In 2011, Miami police killed seven black men in an eight-month time period. A month after the Martin shooting, 19-year-old Kendrec McDade, an unarmed African-American college student, was shot dead by police in Pasadena, Calif. In 2009, 19-year-old Alexander Landau was brutally beaten and mutilated by Denver city police who pulled him over for an illegal left turn. Now Landau, whose face is still scarred, raps about the injustice he faced that January night.

"I want to believe that we're destined for a change," he says in this YouTube video.

But even in a country with an African-American president, these problems are not frequently addressed. Instead, Congress debates issues such as contraception coverage for months, while black men are dying and receiving unfair prison sentences at the hands of racist individuals.

"I think Barack Obama can't really do it," Roberts said. "Our Republicans have aligned themselves against him. He's been truly outspoken about it. Their goal is simply to defeat Obama and they are not really concerned about the real issues that we face."

While Obama's election did not escalate racism, it brought it into the spotlight, making it acceptable for people to publicly criticize the black president, often with racial undertones. Last year, Rep. Doug Lamborn (R-Colo.) said being associated with President Obama would be like touching a "tar baby." The president has also been accused of being Kenyan -- not American -- by birthers. And Tea Party member Marilyn Davenport sent out an image of Obama with chimpanzee parents. The caption? "Now you know why no birth certificate." So although the U.S. has its first black president, the country still has a long way to go. Racism still lies present in the mindsets of many Americans, and Obama's presidency is bringing these issues into the spotlight.
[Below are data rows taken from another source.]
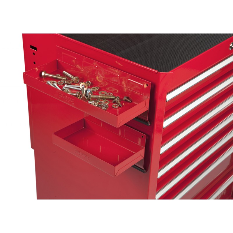 4 handige metalen bakjes welke eenvoudig aan gereedschapswagen of gereedschapsbord kunnen worden bevestigd d.m.v. magneten. Afmetingen: 14,5 x 11,5 x 3 cm. 21 x 11,5 x 3 cm. 27 x 11,5 x 3 cm. 31 x 11,5 x 3 cm. Achterplaat 12 cm hoog met magneten en rubberen bescherming.
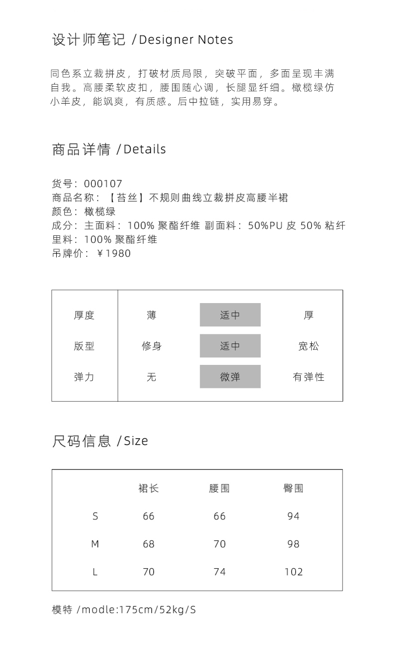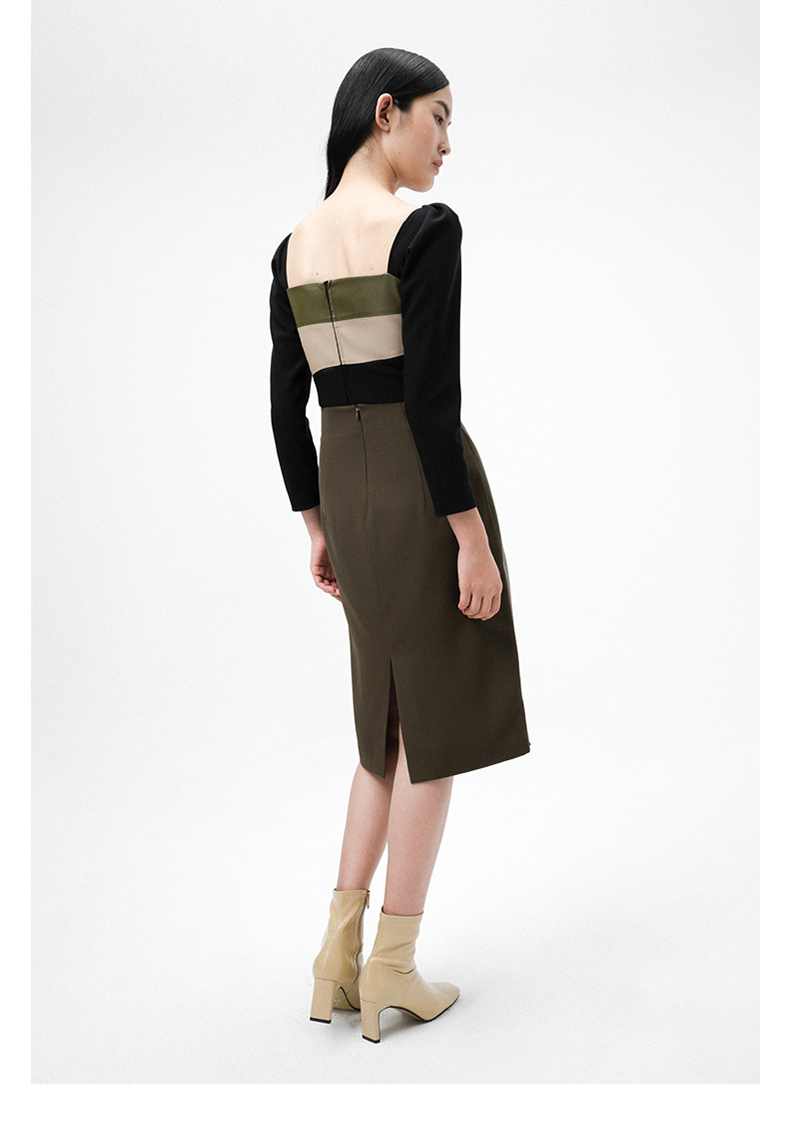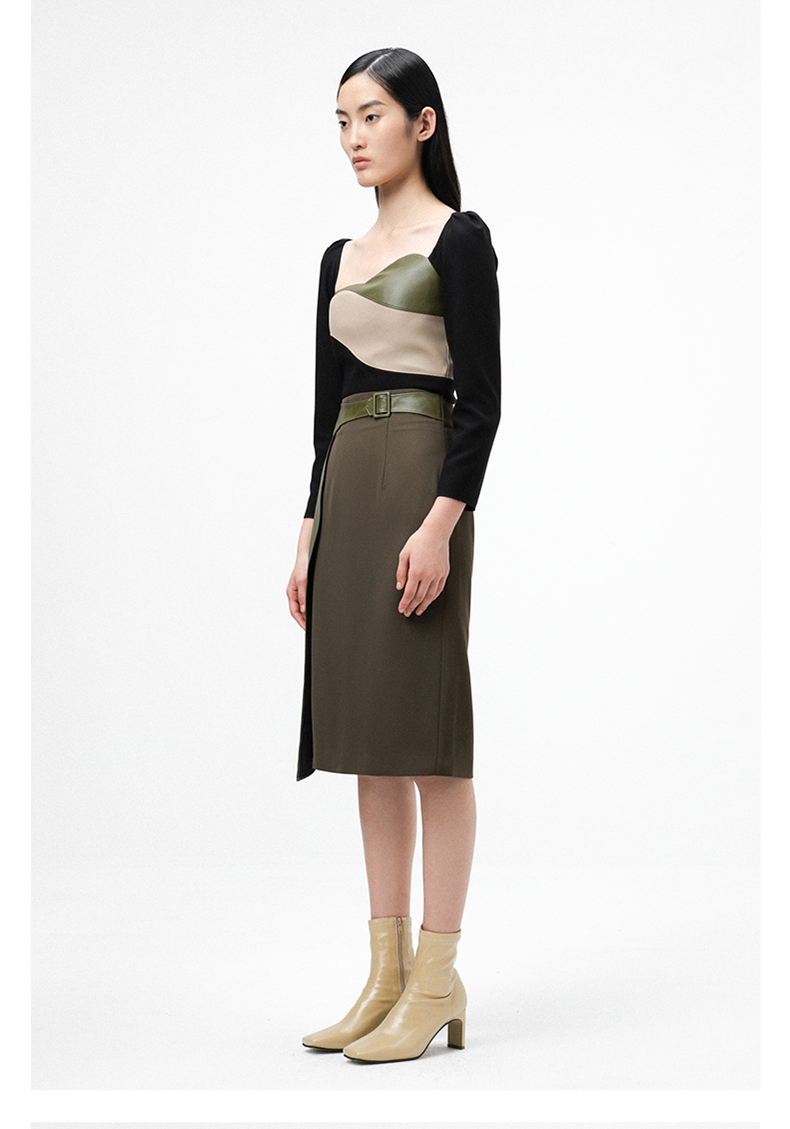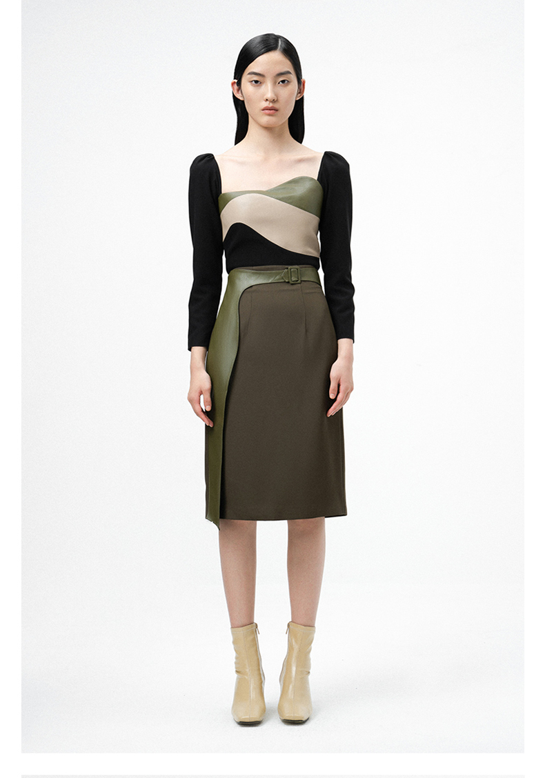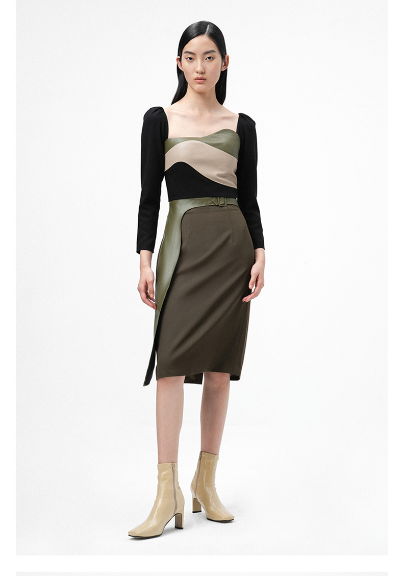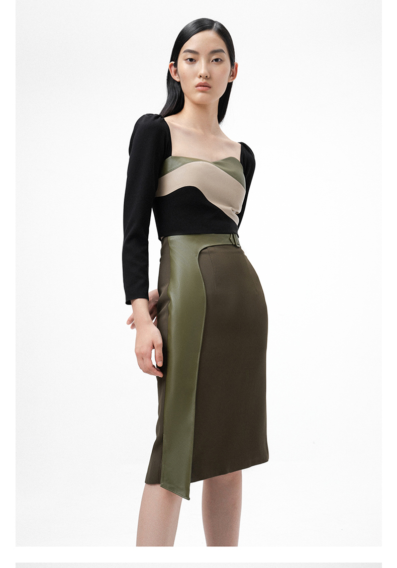 【苔丝】橄榄绿不规则曲线立裁拼皮高腰半裙/000107
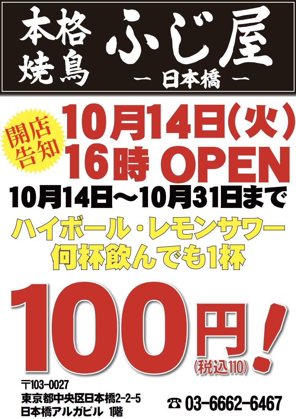 オープン記念!ハイボール・レモンサワーが何杯でも100円キャンペーン開催!

Racial inequality also lies present in America's justice system. A compilation of 40 studies from 1980 to 2005 shows that in 68.2 percent of federal criminal cases and 43.2 percent of state cases, black men received harsher sentences for crimes than white men.
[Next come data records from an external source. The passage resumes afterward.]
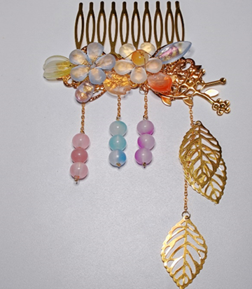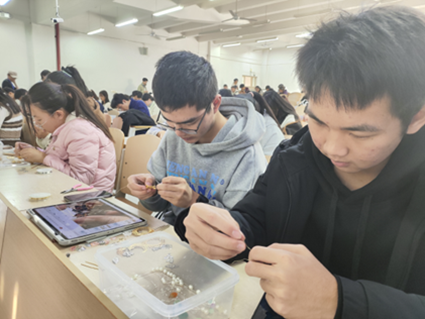 自由制作环节,无论是个人还是好友组队,大家都全身心投入到学习制作中,每位同学都将自己的奇思妙想转化为创意实践呈现在小巧的发簪上。有作品以“玲珑”为名,一颗颗珍珠有条不紊地连成一串,代表心灵的清澈明亮;有作品以“星河花语”为主题,一朵朵花纷纷绽放在簪头,在夜晚的灯光映衬下恍如星河,长悬夜空;有作品借鉴“蝶恋花”的故事,用蝴蝶般的发簪展现学生美好的青春,更显活泼和灵动,丰富多样的作品形式充分展现了长大学子的审美艺术与手工创造力。此外,活动期间,院团委书记曾晓阳也加入其中,与同学们一起制作发簪,共同感受中华传统文化的艺术和魅力。
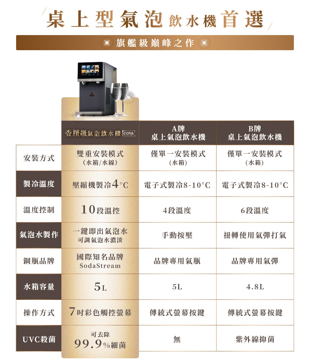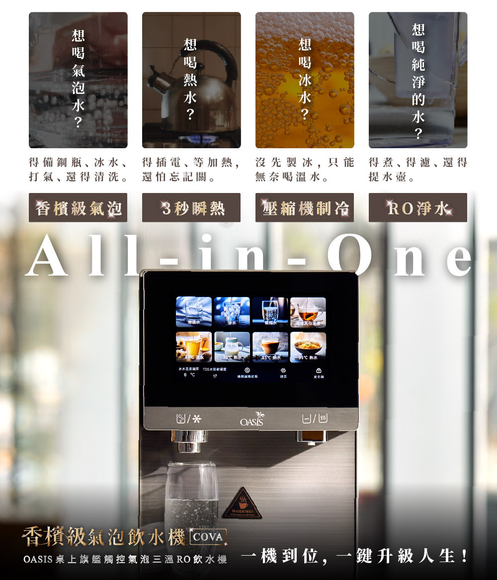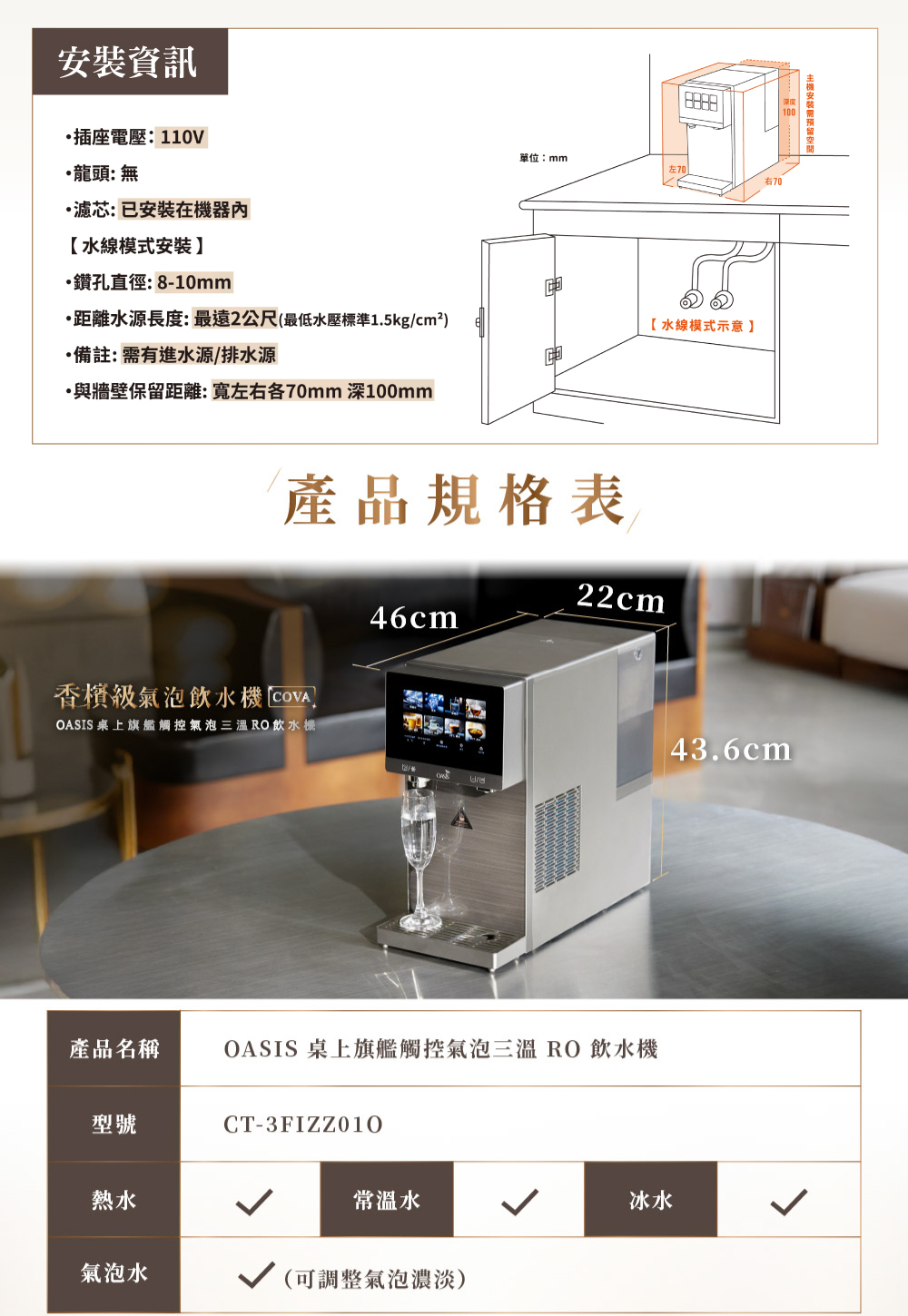OASIS COVA桌上旗艦觸控氣泡三溫RO飲水機 CT-3FIZZ01O
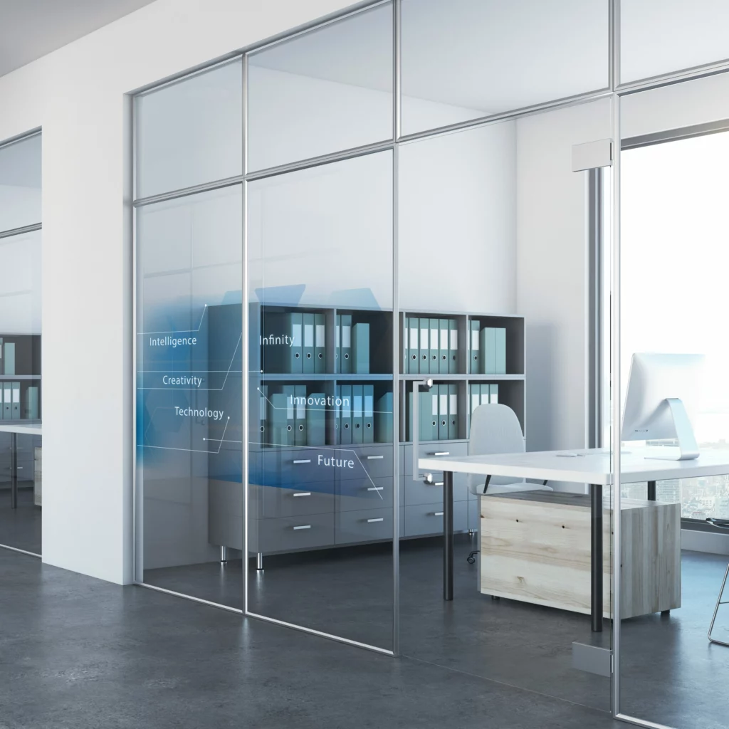 全透PVC背膠+白墨是一款具有高透明度的貼紙材質,適合應用於玻璃、壓克力或其他透明材質表面。貼上後能保留底層透視感,使圖文彷彿浮於表面,適合運用在需要光線穿透、視覺輕透或保留原有背景的空間中,例如玻璃隔間、櫥窗、門面標示或透明看板。

And racist mentalities even linger in prisons themselves. Prisoners tend to form associations on the basis of race, religion or ethnicity. Prisons may be representative of a microcosm of the racial problems that lie dormant in American society.

"Ninety to 95 percent of all U.S. citizens choose to live monoracial and monocultural lives," Roberts said. "That's just a face of who we are, and that's part of what I'm talking about in terms of our willingness to face that reality."

Prisons may be a spectacle into the nature of this mentality whose existence is so often denied: a place where African Americans are locked up with harsher sentences than any other race, and a place that beyond anything proves the existence of racism.

When people view the black community as a whole, they stop themselves from getting to know the individuals and they separate themselves from this community. The end of a racist nation cannot just come from an integration of races in schools, the workplace and politics. It must come from a very personal change in perception. And to do that, one cannot simply deny the existence of a problem. The Civil Rights Act of 1964 changed the law. But it's the people that change a culture.

In her book, Talking with Strangers, Danielle Allen talks about the difference between oneness and wholeness. Rather than striving for an impossible "oneness" that relates to a society's desire for an impossible homogeneity (causing people to segregate themselves in search for this uniformity), we should instead search for "wholeness" -- a metaphor representing the acceptance of diversity, while harmoniously collaborating as a society.

"My goal for all of us is to see each other as peers in a universe where nobody is looked up to, nobody is looked down on, but everyone is eyeball to eyeball," Roberts said.

And in such an America, Trayvon Martin may not have seemed "suspicious" -- and he, along with countless other victims of race-based police brutality, may have still been alive today.